Deprecating partial matching in $.data.frame

Peter Dalgaard-2
Allowing partial matching on $-extraction has always been a source of accidents. Recently, someone who shall remain nameless tried names(mydata) <- "d^2" followed by mydata$d^2.

As variables in a data frame are generally considered similar to variables in, say, the global environment, it seems strange that foo$bar can give you the content of foo$bartender.

In R-devel (i.e., *not* R-3.0.0 beta, but 3.1.0-to-be) partial matches now gives a warning.
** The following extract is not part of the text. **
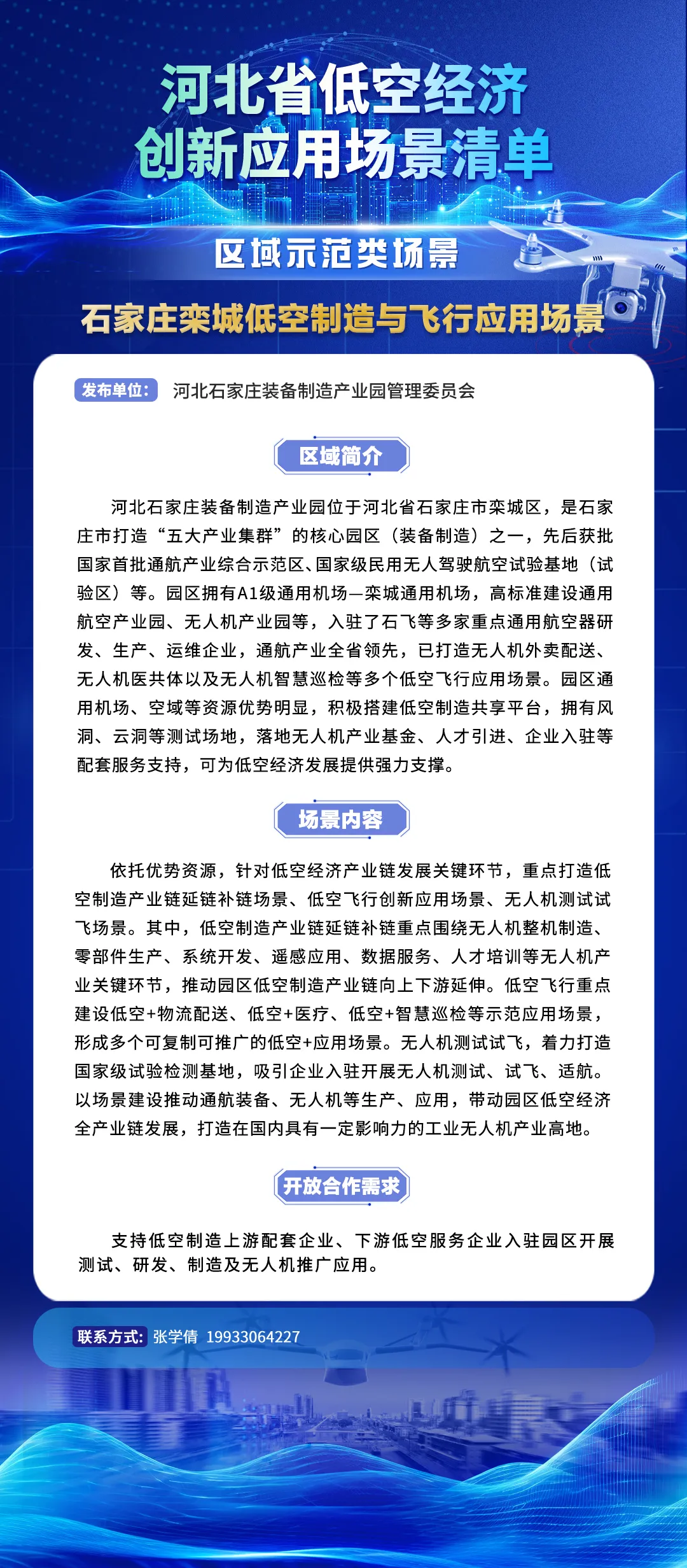 河北石家庄装备制造产业园位于河北省石家庄市栾城区,是石家庄市打造“五大产业集群”的核心园区(装备制造)之一,先后获批国家首批通航产业综合示范区、国家级民用无人驾驶航空试验基地(试验区)等。园区拥有A1级通用机场—栾城通用机场,高标准建设通用航空产业园、无人机产业园等,入驻了石飞等多家重点通用航空器研发、生产、运维企业,通航产业全省领先,已打造无人机外卖配送、无人机医共体以及无人机智慧巡检等多个低空飞行应用场景。园区通用机场、空域等资源优势明显,积极搭建低空制造共享平台,拥有风洞、云洞等测试场地,落地无人机产业基金、人才引进、企业入驻等配套服务支持,可为低空经济发展提供强力支撑。

Of course, it is inevitable that lazy programmers will have been using code like

> anova(fit1)$P
[1] 0.0008866369           NA
Warning message:
In `$.data.frame`(anova(fit1), P) : Name partially matched in data frame

and now get the warning during package checks. This can always be removed by spelling out the column name, as in

> anova(fit1)$`Pr(>F)`
[1] 0.0008866369           NA

or by explicitly specifying a partial match with

> anova(fit1)[["P", exact=FALSE]]
[1] 0.0008866369           NA


--
Peter Dalgaard, Professor
Center for Statistics, Copenhagen Business School
Solbjerg Plads 3, 2000 Frederiksberg, Denmark
Phone: (+45)38153501
Email: [hidden email]  Priv: [hidden email]

______________________________________________
[hidden email] mailing list
https://stat.ethz.ch/mailman/listinfo/r-devel
Reply | Threaded
Open this post in threaded view
|

Re: Deprecating partial matching in $.data.frame

hadley wickham
On Wed, Mar 20, 2013 at 7:28 AM, peter dalgaard <[hidden email]> wrote:
> Allowing partial matching on $-extraction has always been a source of accidents. Recently, someone who shall remain nameless tried names(mydata) <- "d^2" followed by mydata$d^2.
>
> As variables in a data frame are generally considered similar to variables in, say, the global environment, it seems strange that foo$bar can give you the content of foo$bartender.
>
> In R-devel (i.e., *not* R-3.0.0 beta, but 3.1.0-to-be) partial matches now gives a warning.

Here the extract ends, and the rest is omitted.